So far that’s all pretty standard. Next I wanted the VM provisioned immediately after creation with the required software and configuration.

Provisioning, Waiting, and Outputs

I setup provisioning based on Provisioning with Dynamic Providers and AWS WebServer with Manual Provisioning. Essentially scp2 is used to copy a setup script to the VM on creation and ssh2 is used to make it executable and run it. I won’t repeat the code for the provisioners here as it’s in those examples and my sample repo. I was getting some errors with direct use of that code so I had to upgrade package versions and at least temporarily turn off strict mode in tsconfig.json.
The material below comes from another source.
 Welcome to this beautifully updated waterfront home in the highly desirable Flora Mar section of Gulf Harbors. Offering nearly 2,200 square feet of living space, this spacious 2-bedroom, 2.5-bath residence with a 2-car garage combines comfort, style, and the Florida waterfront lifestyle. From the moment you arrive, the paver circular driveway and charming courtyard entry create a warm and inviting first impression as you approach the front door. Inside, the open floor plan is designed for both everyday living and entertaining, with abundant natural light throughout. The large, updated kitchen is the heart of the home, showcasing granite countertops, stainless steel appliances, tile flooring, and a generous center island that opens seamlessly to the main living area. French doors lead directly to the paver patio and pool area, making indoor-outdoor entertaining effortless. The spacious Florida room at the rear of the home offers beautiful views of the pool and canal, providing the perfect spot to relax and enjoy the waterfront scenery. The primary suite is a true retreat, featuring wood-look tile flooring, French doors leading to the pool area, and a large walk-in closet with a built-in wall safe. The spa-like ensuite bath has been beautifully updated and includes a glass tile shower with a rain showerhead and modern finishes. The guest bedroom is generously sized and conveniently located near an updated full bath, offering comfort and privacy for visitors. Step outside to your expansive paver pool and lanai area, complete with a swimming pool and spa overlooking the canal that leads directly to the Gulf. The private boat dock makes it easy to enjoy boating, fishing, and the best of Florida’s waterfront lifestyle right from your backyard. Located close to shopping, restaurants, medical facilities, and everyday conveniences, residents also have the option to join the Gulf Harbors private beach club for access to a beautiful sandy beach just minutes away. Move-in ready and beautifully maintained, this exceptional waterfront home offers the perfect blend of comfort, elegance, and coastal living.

I also modified the ssh code to add log.info() calls to see output as it was run.

First the setup script is copied to the VM. I added a configuration parameter for which to use as I switched between Ubuntu Server, Debian 9, and Debian 10 and some steps varied slightly between distros.

const conn = {
    host: vm.publicIpAddress,
    username: hostUser,
    password: hostPassword
};
const setupScript = `setup/${config.require("setupScript")}.sh`;
console.log(`Using setup script ${setupScript}`);
// Copy setup script to server
const cpSetupScript = new provisioners.CopyFile("setup-copy", {
    conn,
    src: setupScript,
    dest: "setup.sh",
}, { dependsOn: vm });
// Make setup script executable
const chmodSetup = new provisioners.RemoteExec("setup-chmod", {
    conn,
    command: "chmod 755 setup.sh ",
 }, { dependsOn: cpSetupScript });

The script is then executed over ssh. See the notes following the code.
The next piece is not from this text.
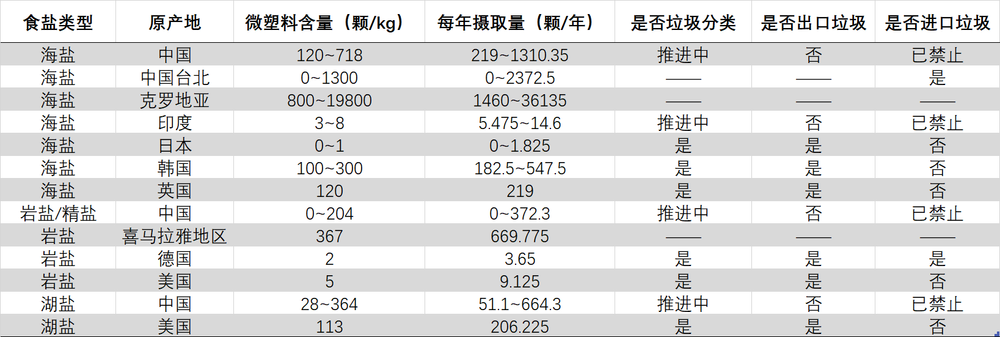 如果一个地区没有进行垃圾分类,也没有禁止垃圾进口,那么食盐中所含微塑料量也相应偏高(湖盐除外)。

const hubConn = config.requireSecret("hubConnection");
const secrets = pulumi.all({
    hubConn,
    hostPassword
});
secrets.apply(s => {
    // Run setup script to install IoT Edge and otherwise configure machine
    let command = `echo "${s.hostPassword}" | sudo -S ./setup.sh --hub "${s.hubConn}"`;
    new provisioners.RemoteExec("setup-run", {
        conn,
        command: command,
    }, { dependsOn: chmodSetup });
});

Notes:

  • Permissions – the script requires sudo but the execution can’t prompt for a password so the password is passed via stdin. There may be a better way to handle this.
  • Secrets and .apply() – initially I tried directly using the secret values but found sudo wasn’t getting the password. Then I tried hostPassword.get() and received the error Cannot call '.get' during update or preview. To manipulate the value of this Output, use '.apply' instead. That wasn’t immediately intuitive as I didn’t consider the password an output – it’s logically an input. Technically though .requireSecret() is an output as it has to go through the decryption process.

Currently the provisioning process feels like a workaround. It requires more custom code than should be needed, it can hang (or appear to), script permissions can be awkward, and getting the output doesn’t feel ideal. It does look like a better script and command provisioning model is being considered / in the works.

Finally the script waits for the VM to be created and exposes the public IP and physical name of the host.

// The public IP address is not allocated until the VM is running, so wait for that
// resource to create, and then lookup the IP address again to report its public IP.
const done = pulumi.all({
    _: vm.id,
    name:
    publicIp.name,
    resourceGroupName:
    publicIp.resourceGroupName,
 });
export const ipAddress = done.apply(d => {
    let ip = azure.network.getPublicIP({
        name: d.name,
        resourceGroupName: d.resourceGroupName,
    }, { async: true }).then(ip => ip.ipAddress);
    return ip;
});
export let physicalName = vm.name;
// Get ip address, ssh
// ssh user@$(pulumi stack output ipAddress)

Running

The project can be run with pulumi up. Adding --yes on subsequent runs can save time if you don’t need the preview at times.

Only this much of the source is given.